3671

Fatty acid characterization of vertebral body marrow using MR Z-spectral imaging at 3 T
Junfeng Kuang1, Yulong Qi2, Qiting Wu1, Yang Zhou1, Guanxun Cheng2, Hairong Zheng1, and Yin Wu1
1Paul C. Lauterbur Research Center for Biomedical Imaging, Shenzhen Institute of Advanced Technology, Chinese Academy of Sciences, Shenzhen, China, 2Department of Medical Imaging, Peking University Shenzhen Hospital, Shenzhen, China

Synopsis

Keywords: Fat & Fat/Water Separation, Contrast Mechanisms

Motivation: MR Z-spectral imaging (ZSI) offers a new way to generate fat spectrum. However, its feasibility for fatty acid characterization remains to be elucidated.

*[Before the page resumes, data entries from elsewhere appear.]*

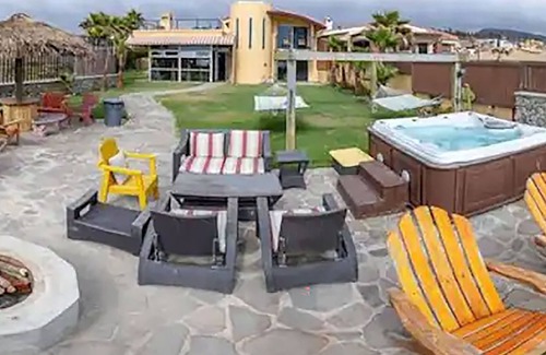 You fall asleep to the waves breaking on the beach after you watch the glorious sunset through the floor to ceiling windows. You can watch the surfers and dolphins from the oceanfront jacuzzi and roast marshmallows over one of the fire pits. The house has .9 Bedrooms and sleeps up to 24 people. You walk from our Premier 8000 square foot oceanfront estate and walk down five steps onto the beach. You can sip wine on the oceanfront as you watch the spectacular sunsets. Enjoy a meal catered by the best chefs from nearby restaurants using locally sourced organic produce, meat and fish. Take a wine tasting tour of the Guadalupe Valley in a luxury van or go horseback riding on the beach or in the hills overlooking the ocean. You can take our kayak out to the kelp beds to fish, you can play tennis on the community tennis courts or you can walk around our development and enjoy the security and calm of a gated guarded ocean front complex. Our house is huge and is perfect for large groups. We are located 10 minutes south of Rosarito next to Puerto Nuevo and near excellent restaurants including La Fonda, Splash and Encanto. We can help you arrange activities for your group or you can relax and soak up the sun and then when you’re ready to go home we’ll give you a fast pass and you can avoid the border wait. Our renters tell us that it’s the best rental experience they’ve ever had. Book your spectacular stay today.
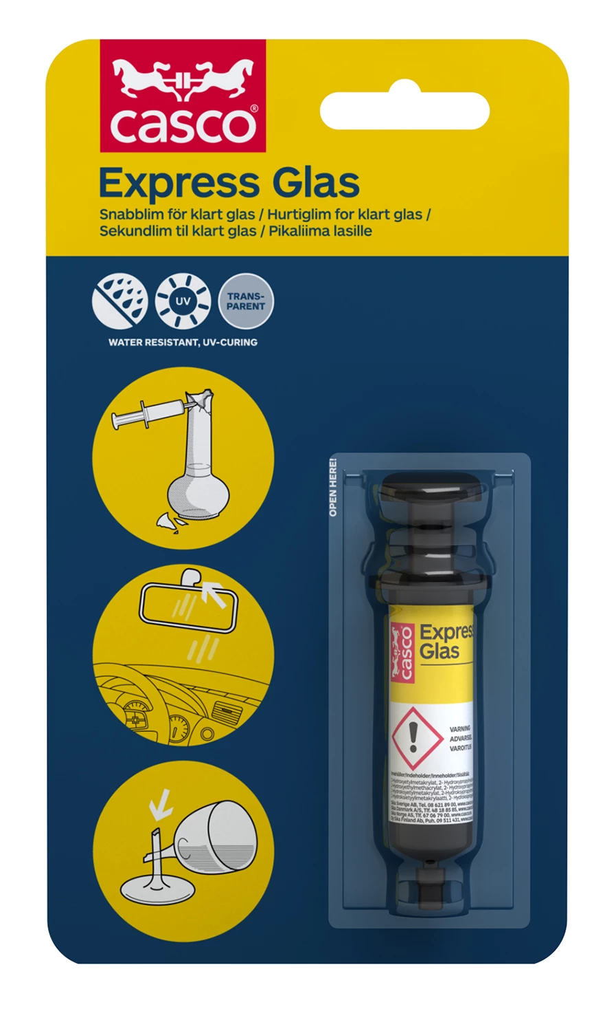 Casco Expressglass 2 ml er et spesiallim for liming av glass. Limfugen er vannbestandig og fargeløs. Limet herder ved hjelp av sollysets UV-stråler.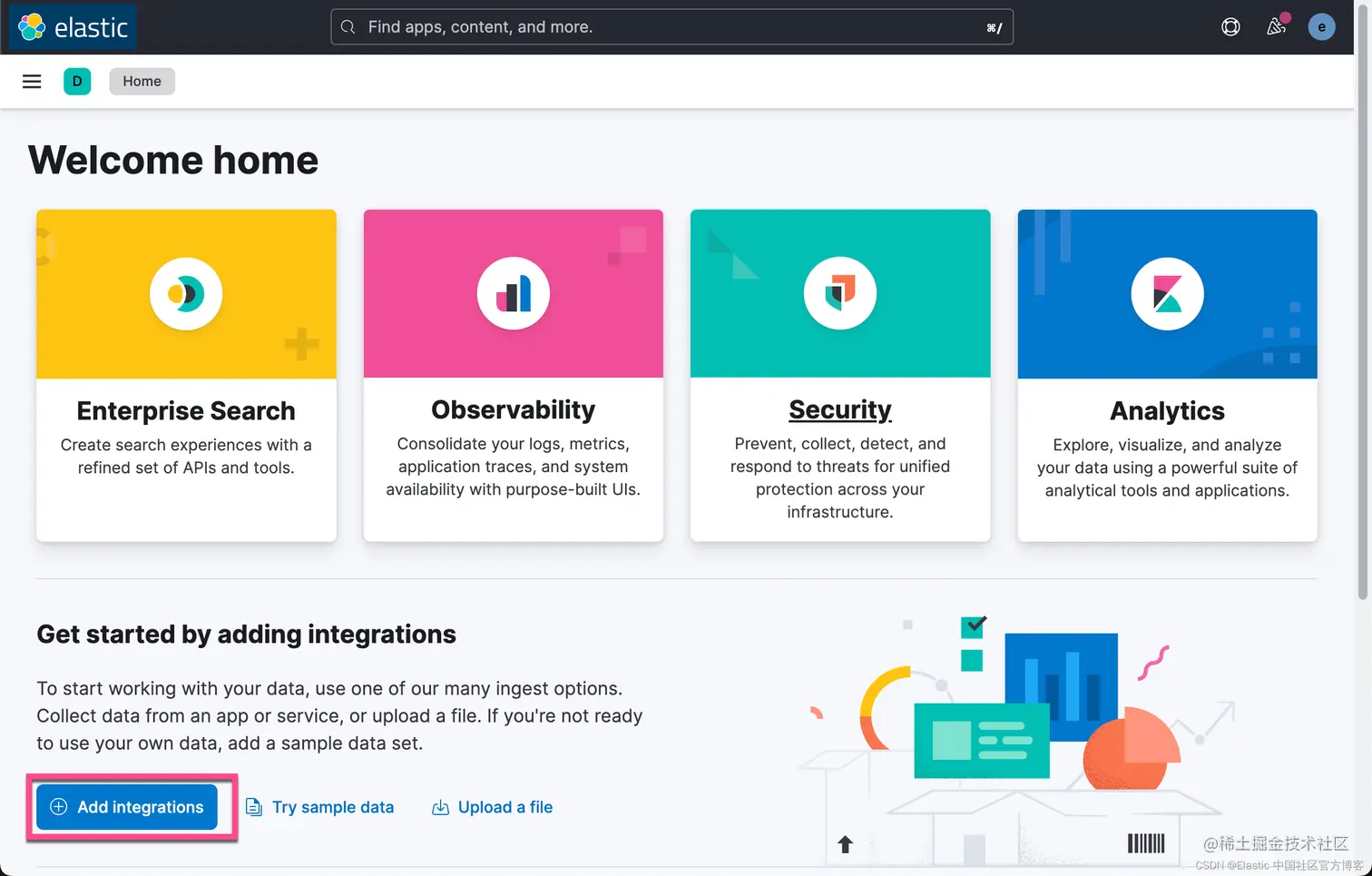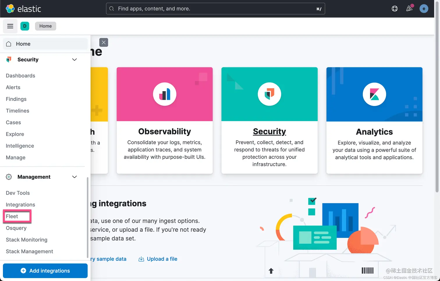 使用 Kibana 中的 Fleet 将日志、指标和安全数据导入 Elastic Stack。第一次使用 Fleet 时,你可能需要对其进行设置并添加 Fleet Server。在做配置之前,我们首先来查看一下有没有任何的 integration 被安装: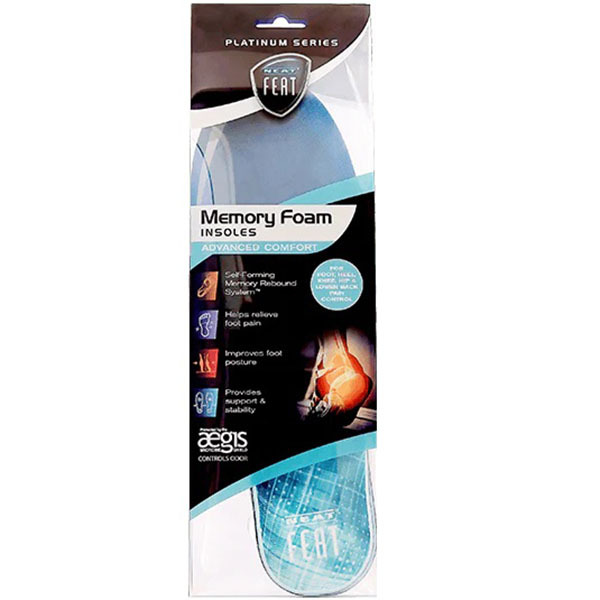 Neat Feat Memory Foam Insoles - Imagine walking on a cloud, all day every day? With the Neat Feat Advanced Memory Foam Insole, there’s no need to imagine. Memory rebound system technology fashions itself around your unique foot shape, meaning more support and comfort all day long.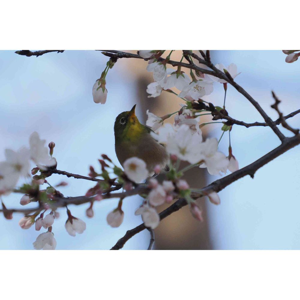 メジロさんの群れが花の蜜を吸いにきていました!!

Goal(s): This study designed a ZSI protocol and investigated its capability in fat measurement.

Approach: The designed ZSI protocol was tested on a fat-water phantom and vertebral body marrows in healthy volunteers and osteoporosis patients at 3 T.

Results: ZSI-measured fat fraction (FF) significantly correlated with oil volumes in the phantom. Moreover, osteoporosis patients exhibited significantly higher normalized fat peak amplitudes and FF than healthy volunteers, indicating the ability of ZSI in revealing fatty acid differences under different pathological states.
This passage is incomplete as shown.